When we enter intercompany transactions and advanced intercompany journal entries to record business activity between subsidiaries, the system identifies transaction lines that require elimination. 

  • Intercompany sales and billing transaction lines are identified by default, based on the intercompany account with which the line is associated. An intercompany sales order is a non-posting transaction, a transaction that has no general ledger impact. However, when the sales order is invoiced, the system identifies the transaction lines that require elimination for posting to intercompany accounts. The same is true for intercompany purchase orders. An intercompany purchase order is a non-posting transaction. However, when the purchase order is billed, the system identifies transaction lines that require elimination for posting to intercompany accounts. 
  • Intercompany inventory transfers and intercompany drop shipments are identified by default. They are based on the intercompany account associated with the line on related purchase orders and sales orders. 
  • Journal lines that require elimination at the period end are identified either by default. They are based on the intercompany account entered for the line, or by manually checking the line for elimination. 

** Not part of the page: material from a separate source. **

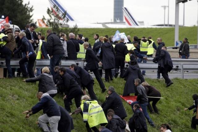 Air France Merkez İşleri Konseyi toplantısı yüz kadar protestocunun baskınına uğradı. Yöneticiler linç edilmek istendi. Protesto için Air France'ın Paris Charles de Gaulle Havalimanı'ndaki merkezine gelen çalışanlar slogan atmaya başladı. Bu sırada binaya gelen iki havayolu yöneticisine protestocular laf attı. Sözlü tartışmanın ardından bir anda ortalık karıştı. Air France İnsan Kaynakları başkanı ve Uzun mesafeli uçuşlar Müdürü protestocuların saldırısına uğradı.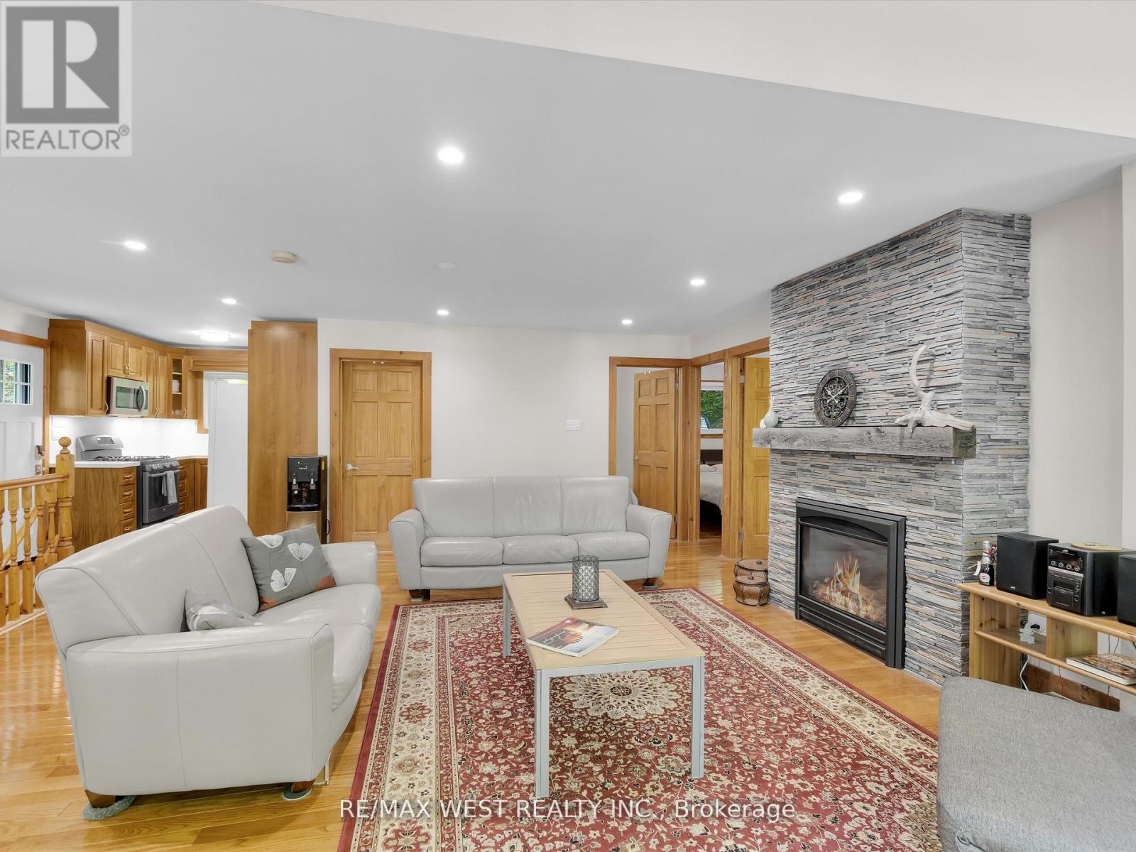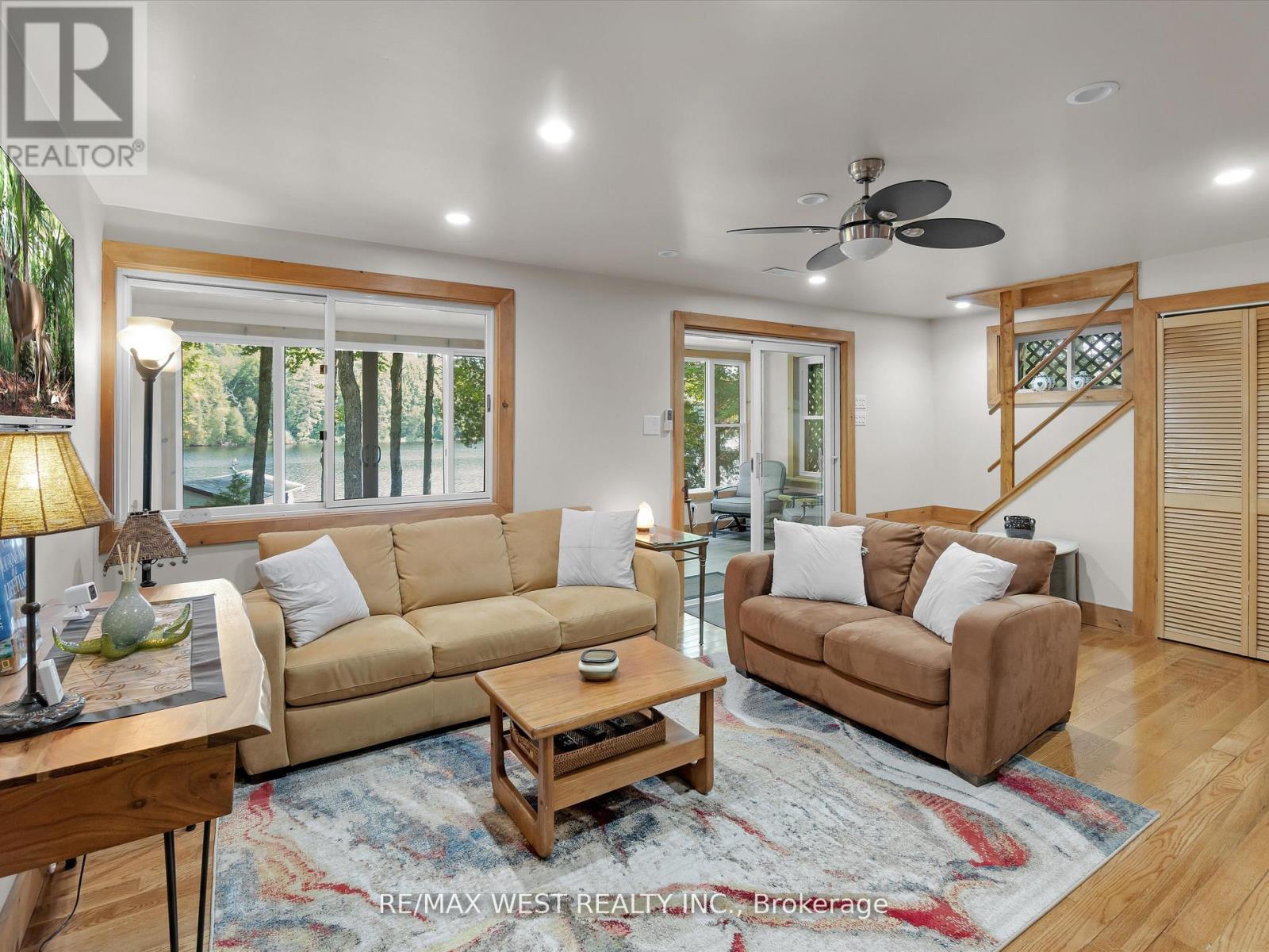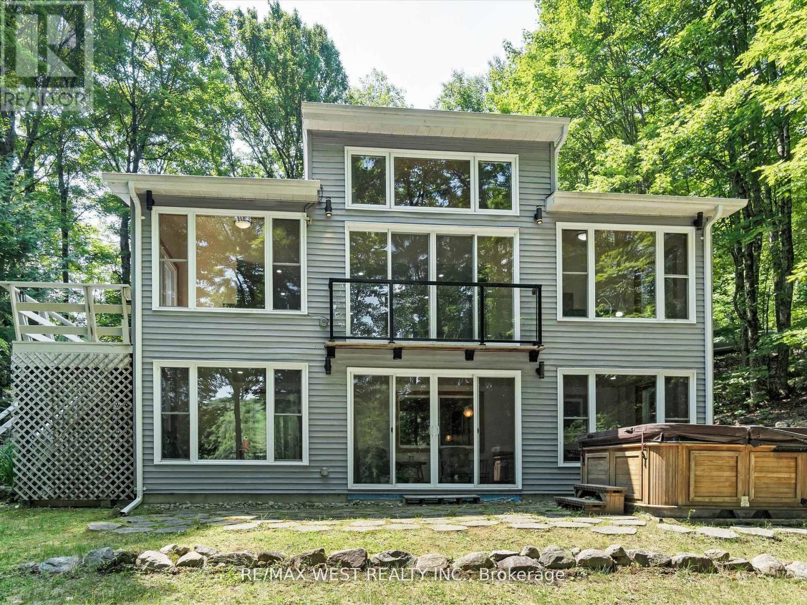 A Hidden Gem & Turn-Key Muskoka Waterfront Retreat. Welcome to a true hidden gem on the tranquil shores of Ril Lake in the heart of Lake of Bays, Muskoka. From the road, it may appear to be a modest bungalow, but step inside and discover a beautifully expanded, thoughtfully renovated two-story retreat that effortlessly combines rustic Muskoka charm with modern comfort and elegance. This fully furnished, four-season home offers over 83 feet of private, sandy-bottom shoreline with a rare boathouse at the waterline, perfect for storing water toys or casting a line right from shore. Whether you're searching for a family sanctuary, an income-ready investment, or a peaceful year-round residence, this property invites you to step out of the ordinary and into your own Muskoka story. Inside, the open-concept main floor welcomes you with a sunlit living room centered around a gas fireplace, flowing into a dining area, sitting nook, and work space all wrapped in stunning views of the trees and lake. Downstairs, a spacious family room with a wood-burning fireplace sets the stage for cozy nights, while the bright sunroom offers the perfect place for games, reading, or afternoon naps. There's also a roughed-in sauna room, waiting to become your personalized wellness space. Step outside and the magic continues. A hot tub tucked beneath the trees, a gazebo with a propane fire table, Muskoka chairs perfectly placed for sunset watching, and a private dock with a canoe, kayaks, and SUP. Everything is here and ready to enjoy! This is more than a cottage. It's a ready-made experience. Whether you're roasting marshmallows under starlit skies, hosting a family get-together, fishing from your dock, or simply sipping coffee in the sunroom, every moment here feels intentional and full of heart. Just bring your people, your provisions, and your love for the Muskoka lifestyle. The rest is already here, waiting for you. Wow, the seller is offering Vendor Take-Back at just 2%. (id:64974)

At the end of the accounting period, complete the tasks in our Period Close Checklist. The last task on the checklist is to Eliminate Intercompany Transactions. We can complete this task only after completing the Revalue Open Foreign Currency Balances and Calculate Consolidated Balances tasks. We must complete these two tasks first to ensure that foreign currency adjustment amounts have been calculated for transactions in the period.  

When we run intercompany elimination, NetSuite creates elimination journal entries for all intercompany transaction journal lines that have the Elimination box checked. Adjustments that result from the difference in the foreign currency exchange rates post to the Cumulative Translation Adjustment-Elimination (CTA-E) account. These differences occur from the originating intercompany journal entry and the elimination journal entry. NetSuite also creates a reversing journal entry for all intercompany journal lines that post to Intercompany Receivables and Intercompany Payables

If we use Multi-Book Accounting, we can run intercompany elimination on any accounting book

There are two steps to eliminate intercompany transactions with Automated Intercompany Management

  1. Enter intercompany transactions as intercompany sales invoices and vendor bills. These transactions automatically post to intercompany accounts and have transaction lines marked as candidates for intercompany elimination. 
    We can also enter advanced intercompany journal entries (AICJE) for transactions during a period, and identify the journal lines that require elimination. 
  1. Run intercompany elimination during the period close to automatically generate elimination journal entries. NetSuite creates elimination journal entries for all flagged transactions and journal entry lines. NetSuite also creates auto-reversing journal entries in the next period for all flagged journal lines posted to the Intercompany Receivables and Intercompany Payables accounts.